Aleksandar Hemon Profiles The Reclusive Wachowskis In The New Yorker As Cloud Atlas Nears Its Debut
By Steven Pate in Arts & Entertainment on Sep 5, 2012 7:00PM
The legendary reclusiveness of the Wachowskis has been adding to their mystique ever since The Matrix transformed from an ambitious and personal science fiction project into a global box office juggernaut. But with Cloud Atlas, their most ambitious film since The Matrix saga, set to debut to audiences at the Toronto International Film Festival this weekend, the Beverly natives have a perfectly-timed long-form New Yorker profile hitting the Internet and newsstands to capitalize on all that pent-up curiosity.
Allowing Chicago resident and rising literary star Aleksandar Hemon to tell their story makes a ton of sense. Hemon clearly appreciates the care the Wachowskis have taken to adapt David Mitchell's spell-binding best seller, a narrative nesting doll of six separate but related stories whose daring structure would seem to resist cinematic transformation, despite significant financing and production obstacles.
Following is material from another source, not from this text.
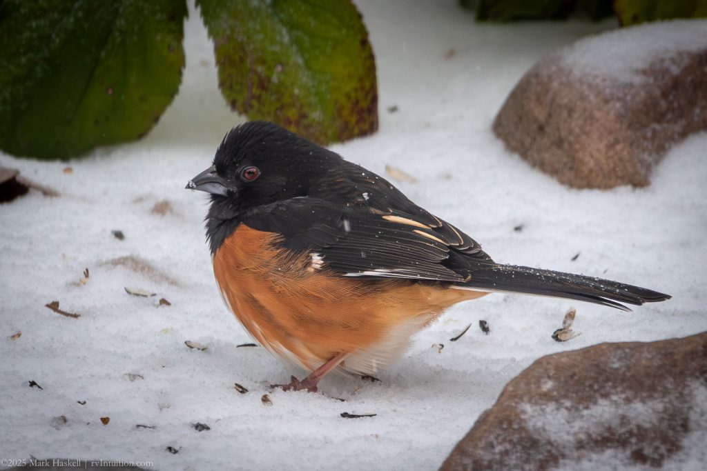 This Eastern Towhee had no problem finding food on top of the ice.

“Cloud Atlas” had been subjected to an economic-modelling process and the numbers had come back too low. The template that had been used, according to the Wachowskis, was Darren Aronofsky’s “The Fountain” (2006), because it had three autonomous story lines set in different eras; “The Fountain,” which had a mixed critical response, had lost almost twenty million dollars.“The problem with market-driven art-making is that movies are green-lit based on past movies,” Lana told me. “So, as nature abhors a vacuum, the system abhors originality. Originality cannot be economically modelled.” The template for “The Matrix,” the Wachowskis recalled, had been “Johnny Mnemonic,” a 1995 Keanu Reeves flop.
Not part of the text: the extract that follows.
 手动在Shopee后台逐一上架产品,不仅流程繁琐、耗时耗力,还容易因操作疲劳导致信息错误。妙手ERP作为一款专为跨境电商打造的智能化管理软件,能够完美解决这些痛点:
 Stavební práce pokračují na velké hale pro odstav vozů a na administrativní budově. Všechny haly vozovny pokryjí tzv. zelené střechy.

No film deserves to be compared to The Fountain. But the Wachowskis got their film in the end, with Tom Hanks, dubbed "our [generation's] Jimmy Stewart" by Lana, playing four roles.
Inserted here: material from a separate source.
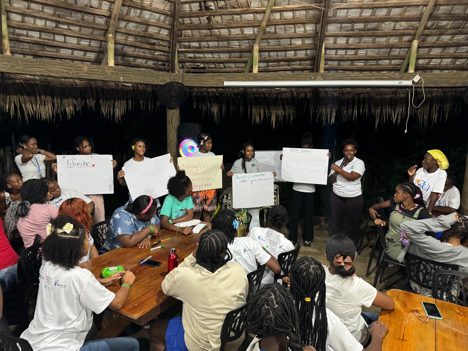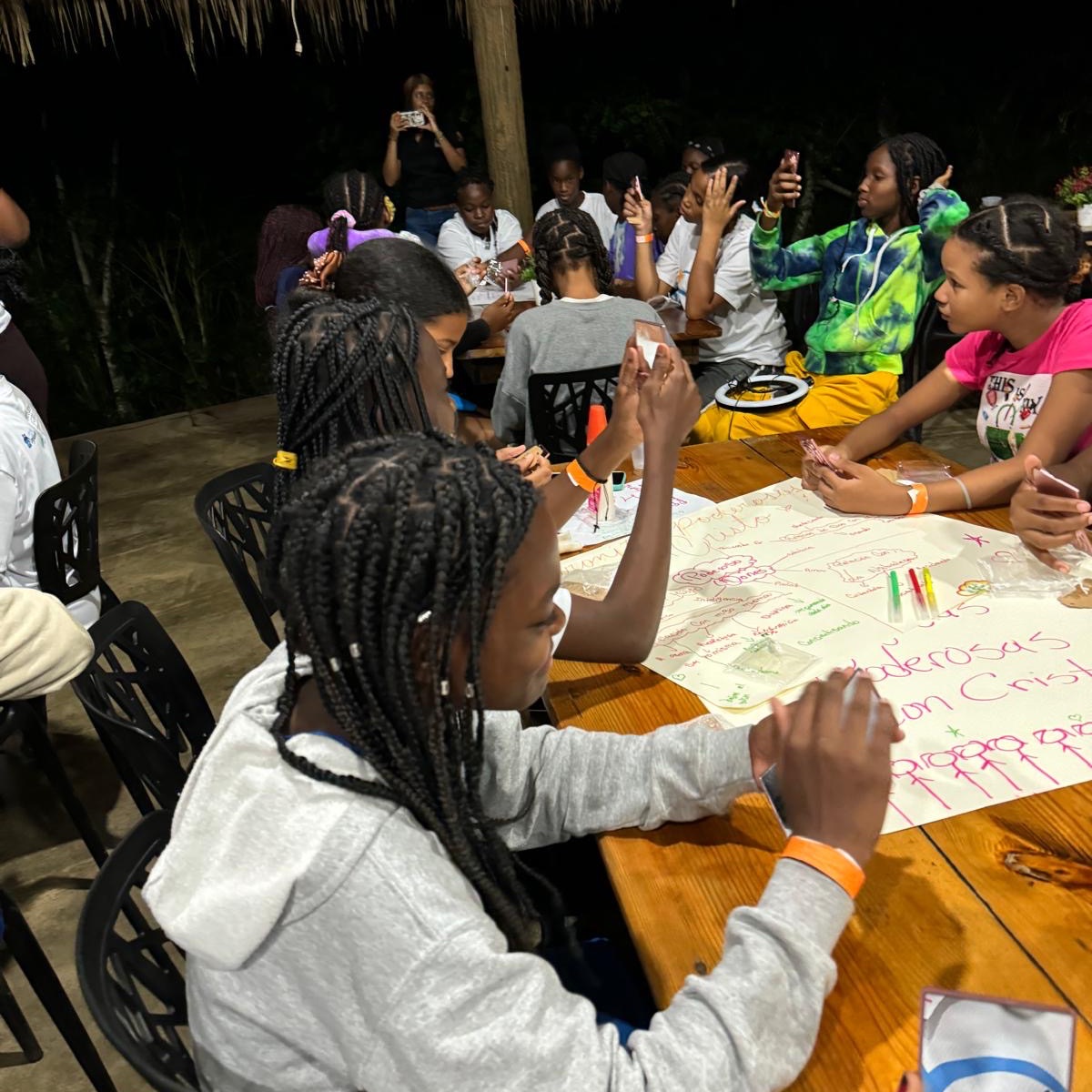 And after some free time, we started with group activities, where 5 teams prepared to start a small dynamic, starting by choosing a name for each group, very creative, like (The Super Blues, The Powerful Little Oranges with Christ, Adventurous Friends...).

The Wachowskis made a few waves a month ago when
Lana Wachowski "revealed" her transition from Larry in a promotional video. With the New Yorker article, there follows some inevitable focus on Hemon's tapdance through the pronoun-strewn minefield of transgender profile subjects.
What struck us more was just how simpatico author and subject seemed to be:
Seemingly untouched by Hollywood, [the Wachowskis] did not project the jadedness that is a common symptom of stardom. Lana was one of the best-read people I’d ever met; Andy had a wry sense of humor; they were both devout Bulls fans. We also shared a militant belief in the art of narration and a passionate love for Chicago.”
We're rooting for the Wachowskis, but they have taken on a Herculean task. Cloud Atlas is a grandly ambitious film, equal parts heady literary trip and dazzling special effects contraption. It's so big that the siblings enlisted Tom Tykwer of Run Lola Run as a third director for the project. Andy Wachowski called it an attempt to get back to "the spectacle of the sixties and seventies, the touchstone movies," citing specifically Kubrick's 2001. With so few movies getting people into theaters, we sure like the sound of that.